…With the Drug Store

blue soapbox  By phone, drug stores are amazing.  You can ask to talk to a pharmacist at nearly any hour and get quick, accurate information without going through a doctor—even if you didn’t purchase your prescription there.

But trekking to the pharmacy in person?  Yikes.

Why can’t I leave my prescription and come back later? Instead of waiting in line just to drop off my scrip, I’d like to “deposit” it, then wander around putting hand sanitizer, hair dye, Hawaiian-style potato chips and People magazine into my cart.  Can someone explain why the store insists that I instead inch forward with my Sudoku, seething, thinking of the Tequila aisle, not to mention all those sedatives and mood stabilizers behind the counter?

Is there some kind of cost-prediction black hole that affects only prescriptions?

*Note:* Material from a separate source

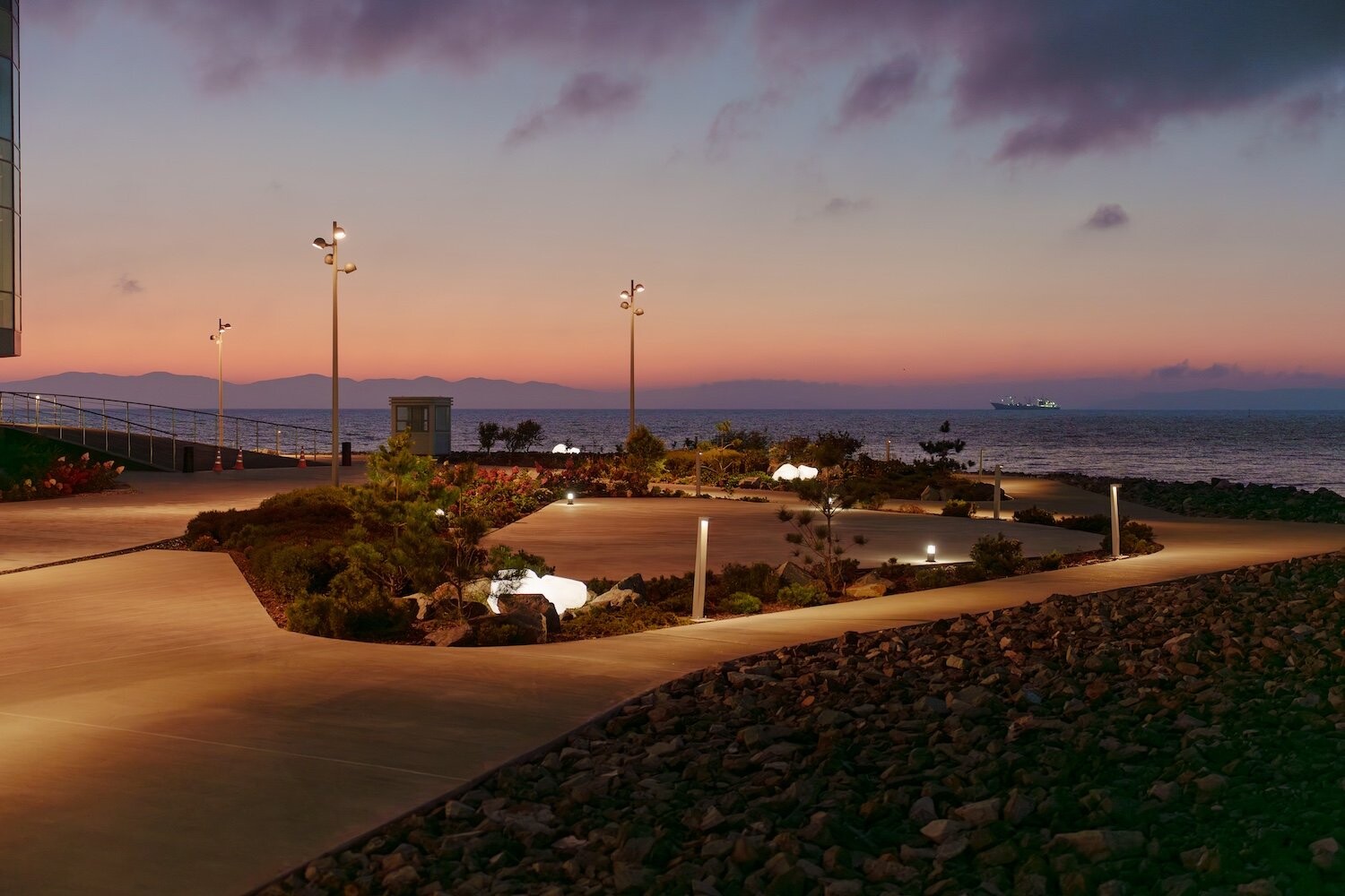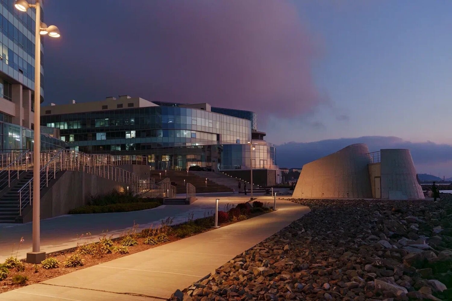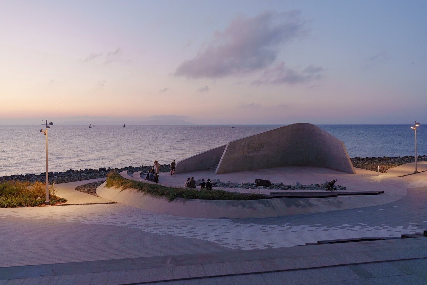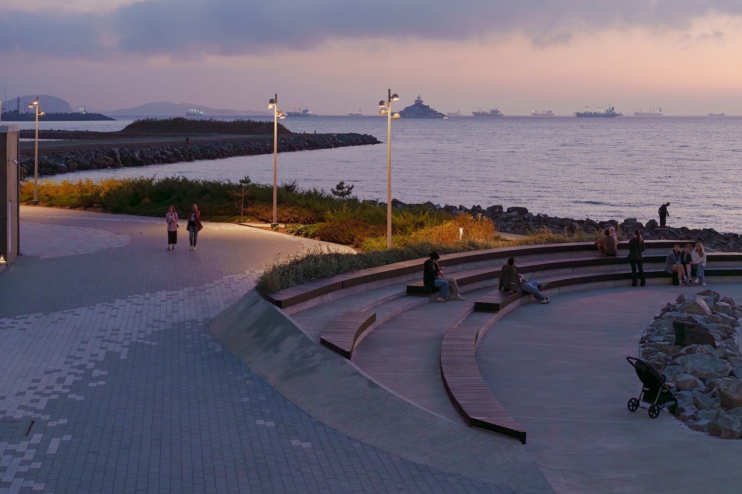 Комплекс занимает насыпную территорию мыса Бурного — открытую, продуваемую ветрами, с панорамными видами на акваторию. Красота приморского пейзажа здесь не фон, а активный участник проекта. Проект реконструкции опирается на стратегию программируемого насыщения: набережная наполняется новыми общественными сценариями, при этом ее подлинная идентичность — каменистая, «жесткая» структура берега — не маскируется, а развивается. Концепция разрабатывалась с учетом сейсмической активности региона, сложного морского климата и агрессивной соленой среды.
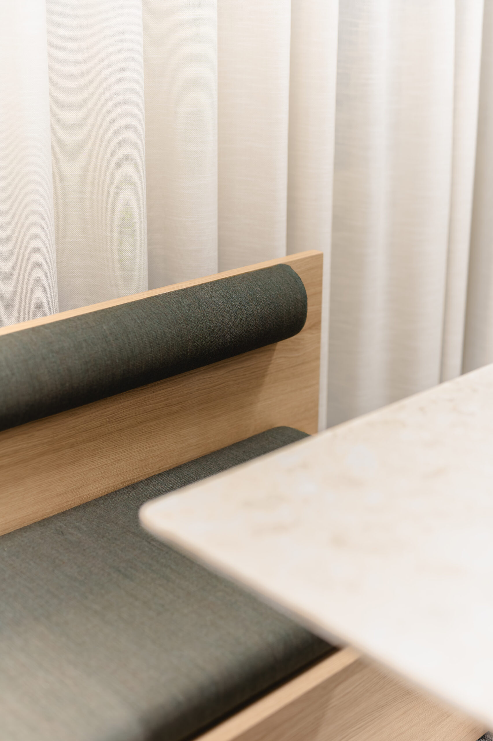Tilasta löytyi kauniita vanhoja elementtejä kuten kaakeliuuneja ja kattomaalauksia, mutta myös moderneja ratkaisuja materiaalien ja valaistuksen osalta. Tilasuunnittelussa halusimme tasapainottaa näiden välille syntynyttä kontrastia ja toimme tilaan pehmeämmän ja yhtenäisemmän sävymaailman. Muutos tehtiin hyvin kustannustehokkaasti sekä remontin, että suunnittelun osalta. Vanhoja kalusteita säilytettiin mahdollisimman paljon ja uusia hankittiin pääasiassa käytettyinä. Kierrätysaste kohteessa olikin noin 83%.

OK, now I’m at the front of the line, and you can’t give me a price for my medicine until I come back and go through the line again to pick it up?  Is there any other retail transaction like this on the planet?

Is it just me, or are those shoeprints in the pharmacy line hilarious? The cute embedded images of a left and right shoe sole in the floor, a few feet away from the counter, do not reassure me that my privacy is being respected.  When the pharmacy technician shrieks “What is the prescription for?” it kind of bursts the confidentiality bubble, no?  For the record, I do not wish to announce in public that I’m picking up a refill of the prescription-strength Dramamine I take for existential nausea.  Or the non-steroidal anti-inflammatory drug for chronic incendiary rhetoric.  It’s simply nobody’s business.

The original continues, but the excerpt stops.